**DIRECTIONS:** Every line below between the one holding "Juice extractor CR 110" and the one holding "Figure 5. Films", inclusive, should be copied exactly, and no other line.

**RECORDS SUPPLIED:**
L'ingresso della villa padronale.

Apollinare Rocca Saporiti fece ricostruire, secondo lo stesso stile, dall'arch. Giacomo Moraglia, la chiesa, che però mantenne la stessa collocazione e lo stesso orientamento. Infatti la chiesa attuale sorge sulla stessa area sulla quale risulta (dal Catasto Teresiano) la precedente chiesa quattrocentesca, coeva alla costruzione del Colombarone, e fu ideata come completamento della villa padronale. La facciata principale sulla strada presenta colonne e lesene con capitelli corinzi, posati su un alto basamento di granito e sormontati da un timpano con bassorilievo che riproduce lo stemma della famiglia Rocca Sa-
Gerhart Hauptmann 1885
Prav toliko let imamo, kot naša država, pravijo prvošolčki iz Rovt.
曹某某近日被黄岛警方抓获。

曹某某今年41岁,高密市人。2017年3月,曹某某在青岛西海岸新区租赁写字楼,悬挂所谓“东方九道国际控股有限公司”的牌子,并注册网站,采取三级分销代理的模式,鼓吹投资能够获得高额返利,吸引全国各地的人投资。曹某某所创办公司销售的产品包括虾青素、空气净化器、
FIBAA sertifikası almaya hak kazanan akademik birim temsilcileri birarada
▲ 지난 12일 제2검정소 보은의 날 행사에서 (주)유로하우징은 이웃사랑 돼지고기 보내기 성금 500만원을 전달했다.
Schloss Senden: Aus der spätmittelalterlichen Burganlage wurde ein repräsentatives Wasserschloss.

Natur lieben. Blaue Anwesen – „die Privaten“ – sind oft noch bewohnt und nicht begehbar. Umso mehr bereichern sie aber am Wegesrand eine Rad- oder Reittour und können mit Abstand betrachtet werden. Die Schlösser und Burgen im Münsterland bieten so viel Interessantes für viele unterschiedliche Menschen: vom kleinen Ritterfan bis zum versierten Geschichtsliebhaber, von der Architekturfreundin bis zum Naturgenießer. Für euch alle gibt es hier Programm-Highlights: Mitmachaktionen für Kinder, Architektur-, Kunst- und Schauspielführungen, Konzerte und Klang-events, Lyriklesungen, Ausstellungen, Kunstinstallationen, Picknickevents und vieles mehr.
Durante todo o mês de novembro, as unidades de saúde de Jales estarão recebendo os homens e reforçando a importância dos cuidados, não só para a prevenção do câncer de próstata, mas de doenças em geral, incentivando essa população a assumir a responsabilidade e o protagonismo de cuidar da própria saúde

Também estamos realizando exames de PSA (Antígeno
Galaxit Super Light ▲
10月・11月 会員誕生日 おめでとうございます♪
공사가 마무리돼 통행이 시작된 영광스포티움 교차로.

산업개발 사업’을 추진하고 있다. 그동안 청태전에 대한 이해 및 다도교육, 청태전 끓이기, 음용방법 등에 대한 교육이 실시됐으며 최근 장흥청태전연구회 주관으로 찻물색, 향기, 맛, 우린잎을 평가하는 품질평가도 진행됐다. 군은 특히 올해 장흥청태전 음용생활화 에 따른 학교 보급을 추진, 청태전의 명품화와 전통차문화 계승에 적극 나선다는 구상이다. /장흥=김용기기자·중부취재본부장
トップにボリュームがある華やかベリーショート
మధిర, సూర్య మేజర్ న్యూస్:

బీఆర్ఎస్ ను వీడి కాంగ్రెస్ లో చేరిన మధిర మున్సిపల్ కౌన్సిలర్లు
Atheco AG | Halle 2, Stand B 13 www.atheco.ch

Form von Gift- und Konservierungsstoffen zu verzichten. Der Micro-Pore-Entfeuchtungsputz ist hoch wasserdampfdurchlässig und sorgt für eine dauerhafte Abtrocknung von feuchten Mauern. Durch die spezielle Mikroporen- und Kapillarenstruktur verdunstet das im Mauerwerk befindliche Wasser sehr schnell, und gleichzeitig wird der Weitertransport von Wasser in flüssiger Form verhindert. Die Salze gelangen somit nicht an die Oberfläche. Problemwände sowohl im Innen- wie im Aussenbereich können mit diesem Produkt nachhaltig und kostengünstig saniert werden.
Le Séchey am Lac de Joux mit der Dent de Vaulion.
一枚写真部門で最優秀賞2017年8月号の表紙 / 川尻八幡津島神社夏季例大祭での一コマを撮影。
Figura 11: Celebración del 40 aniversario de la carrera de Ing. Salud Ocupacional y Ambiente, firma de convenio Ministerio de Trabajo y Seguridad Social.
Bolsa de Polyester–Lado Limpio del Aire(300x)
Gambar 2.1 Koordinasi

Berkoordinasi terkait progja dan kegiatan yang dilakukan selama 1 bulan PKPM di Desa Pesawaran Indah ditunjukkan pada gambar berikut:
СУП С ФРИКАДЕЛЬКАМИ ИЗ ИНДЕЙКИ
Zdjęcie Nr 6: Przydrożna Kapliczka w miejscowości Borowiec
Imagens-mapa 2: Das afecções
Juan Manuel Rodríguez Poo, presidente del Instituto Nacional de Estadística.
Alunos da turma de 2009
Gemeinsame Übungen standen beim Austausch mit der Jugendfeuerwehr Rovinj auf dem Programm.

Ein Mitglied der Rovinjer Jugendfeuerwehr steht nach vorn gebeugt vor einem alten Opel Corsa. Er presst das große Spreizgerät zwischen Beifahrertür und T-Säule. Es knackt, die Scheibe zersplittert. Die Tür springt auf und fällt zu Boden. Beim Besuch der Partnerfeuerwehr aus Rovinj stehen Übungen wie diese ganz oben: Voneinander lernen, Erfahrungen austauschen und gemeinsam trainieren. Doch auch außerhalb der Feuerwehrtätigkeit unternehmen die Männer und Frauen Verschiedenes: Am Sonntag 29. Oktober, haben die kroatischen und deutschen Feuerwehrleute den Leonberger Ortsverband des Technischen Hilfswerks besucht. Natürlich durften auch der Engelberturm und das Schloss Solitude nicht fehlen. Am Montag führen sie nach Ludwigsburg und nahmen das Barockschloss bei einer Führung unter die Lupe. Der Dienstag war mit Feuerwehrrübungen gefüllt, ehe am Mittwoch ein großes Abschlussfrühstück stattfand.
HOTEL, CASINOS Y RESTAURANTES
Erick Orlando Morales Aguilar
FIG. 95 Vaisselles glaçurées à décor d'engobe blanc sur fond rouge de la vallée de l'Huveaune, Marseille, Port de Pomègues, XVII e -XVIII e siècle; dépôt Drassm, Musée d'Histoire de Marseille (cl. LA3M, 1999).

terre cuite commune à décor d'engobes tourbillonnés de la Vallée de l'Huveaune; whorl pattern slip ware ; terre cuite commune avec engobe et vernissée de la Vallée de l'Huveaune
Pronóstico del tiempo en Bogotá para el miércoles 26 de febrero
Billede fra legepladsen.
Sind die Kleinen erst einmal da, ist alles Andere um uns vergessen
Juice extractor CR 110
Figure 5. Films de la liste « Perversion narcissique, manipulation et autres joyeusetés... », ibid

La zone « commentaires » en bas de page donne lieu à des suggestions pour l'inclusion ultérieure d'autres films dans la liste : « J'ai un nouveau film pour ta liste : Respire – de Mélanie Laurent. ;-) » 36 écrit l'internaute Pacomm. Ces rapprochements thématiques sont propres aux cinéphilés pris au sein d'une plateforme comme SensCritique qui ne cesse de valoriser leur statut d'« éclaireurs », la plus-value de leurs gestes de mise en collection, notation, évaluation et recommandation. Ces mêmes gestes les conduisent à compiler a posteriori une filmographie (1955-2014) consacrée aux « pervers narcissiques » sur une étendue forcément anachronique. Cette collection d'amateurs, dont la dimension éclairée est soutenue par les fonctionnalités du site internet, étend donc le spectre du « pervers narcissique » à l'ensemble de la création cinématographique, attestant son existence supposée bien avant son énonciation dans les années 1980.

**EXPECTED ANSWER:**
Juice extractor CR 110
Figure 5. Films de la liste « Perversion narcissique, manipulation et autres joyeusetés... », ibid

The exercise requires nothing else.